There is a difference between "algo" trading, also known as "program trading"
and HFT. The algorithms in HFT kind of boil down to "get it there fast".

The thing that is no longer true is the flash orders (pointed out elsewhere in
these comments) are no longer allowed. This is the reference to flash orders.

The trick to being a HFT is to be big enough and fast enough that the
exchanges pay _you_ to trade. Thus, you don't necessarily have to make a
profit on these trades. Then you are really a liquidity provider. Being an HFT
is about size, speed and execution mostly, and ideas not so much. My advice is
to not go after that market. It is likely that you are three or five orders of
magnitude too small.

Other strategies are more interesting for the small guy. Maybe become a MFT
(medium frequency trader), whatever that is.

------
steveplace
Since everyone has said no so far, I'll go ahead and say it's possible, but
very difficult.

HFT algo commission is much lower than $10/trade. IBKR offers 0.008/sh, and it
can get much lower if you trade in volume.

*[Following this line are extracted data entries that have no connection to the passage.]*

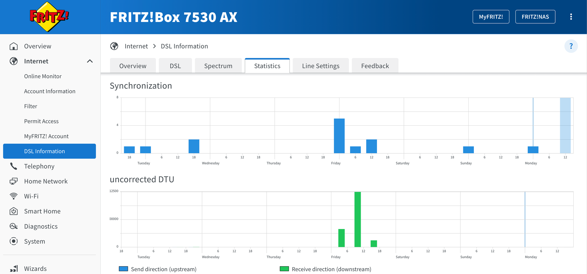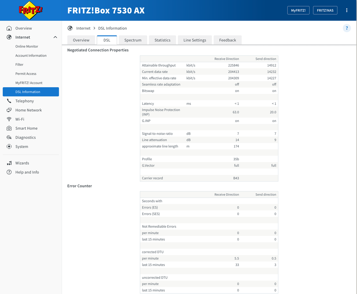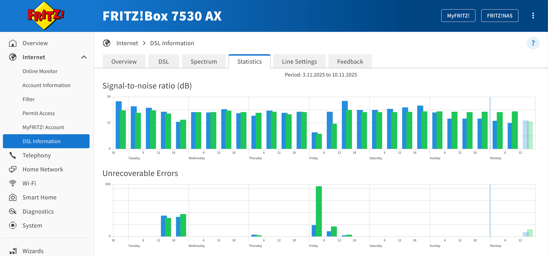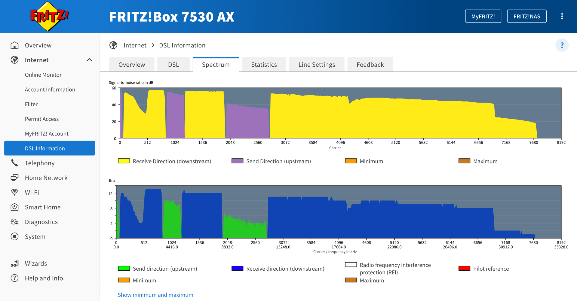 Im Anhang habe ich Screenshots aus dem Router-Dashboard hinzugefügt (Protokolle, DSL-Spektrum und Statistik).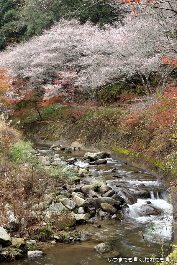 2015年11月23日に撮影した、愛知県豊田市・川見四季桜の里の四季桜と紅葉の写真です。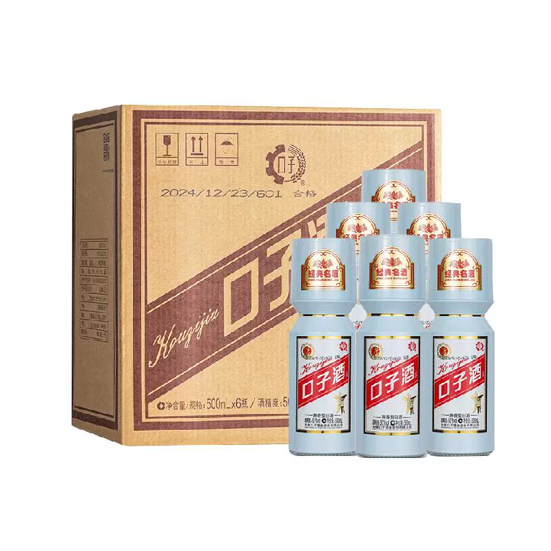 口子窖酒以优质高粱、大米、玉米、糯米、小麦为原料,采用口子窖酒大曲为糖化、发酵、生香剂,续楂混蒸老五甑,分别入泥窖双轮、单轮发酵,入石板窖多轮发酵,发酵期120天、60天、30天,缓慢蒸馏,量质摘酒,分级贮存,再经勾兑、陈酿、包装出厂。基酒酒龄不少于五年,调味酒酒龄不少于十年。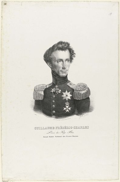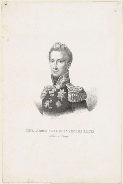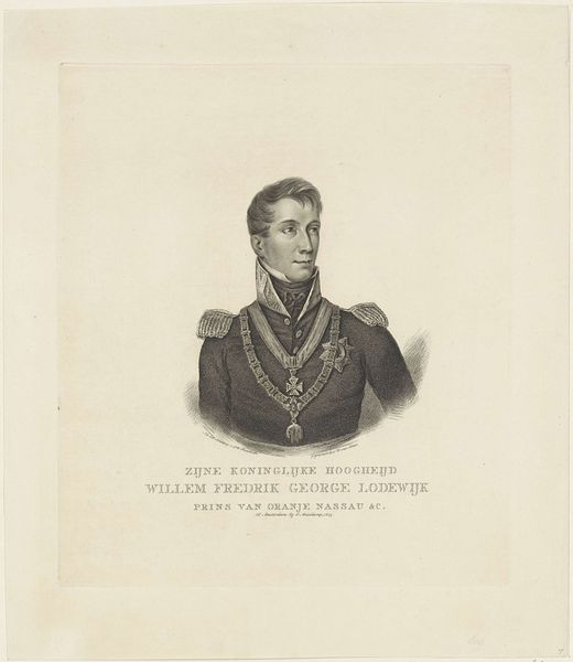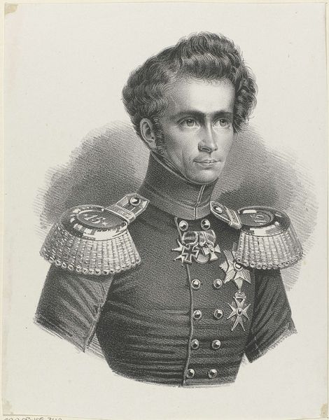 Curator: The artwork before us is a portrait of Frederik, Prince of the Netherlands, crafted with pencil between 1816 and 1879 by Henricus Leonardus van den Houten. Editor: It has a delicate quality, doesn't it? The tonal gradations are very subtle, particularly around the face. It creates a pensive mood, a kind of reserved nobility. Curator: That reserved quality speaks volumes, given the Prince’s role. Born into power, his life was inherently political. These images, especially during that period, served to reinforce social hierarchies and legitimize authority. Editor: Absolutely. And it’s achieved partly through form. Notice how the tight hatching defines the contours of his face, leading our eye up to the carefully rendered details of the uniform. There's a meticulous balance between the sharpness of the lines in the military garb and the softness of the face. Curator: I think the rigidity in his posture, contrasted with the slight almost hesitant look in his eyes, adds layers. It invites us to consider the constraints placed on individuals, especially within systems of inherited power and privilege, doesn’t it? This piece offers commentary, intended or not, on the person beneath the uniform. Editor: An intriguing point. The texture achieved with graphite creates a surprisingly three-dimensional effect for such a seemingly simple medium. It’s not just about capturing likeness, but texture, the very *feel* of status and authority. Curator: For me, it underscores the complex relationship between representation and reality. It asks, “Whose stories get told and how?” “What performative acts of self are concealed beneath formal appearances?” The portrait reminds us that historical figures weren't monolithic. They operated within socio-political landscapes. Editor: Indeed. Looking closely, you see Van den Houten expertly manipulates light and shadow to emphasize certain features, minimizing others, carefully constructing a visual narrative that reinforces a particular ideal of leadership, of royal bearing. Curator: Ultimately, what began as a straightforward portrait evolves into a window onto a network of intersecting ideas regarding representation, power, and identity in 19th century Netherlands. Editor: I agree; the piece reminds us how close analysis of structure allows for expanded understanding.

Like others said, it is a game of milliseconds. So you need to own a server
near the exchanges in new york (i.e. <http://www.ubiquityservers.com/data-
center/new-york.php>).

The best way to start learning is develop algos _not_ for HFT. Instead of
milliseconds think about 15 min - daily holds. If you're trading under 25k,
you're only allowed to make 3 intraday trades a week.

So find a broker that has a FIX api, buy some data for backtesting, code some
stuff out using R/python, and forward test your strat using papertrading for
about a month-- then put real money to work.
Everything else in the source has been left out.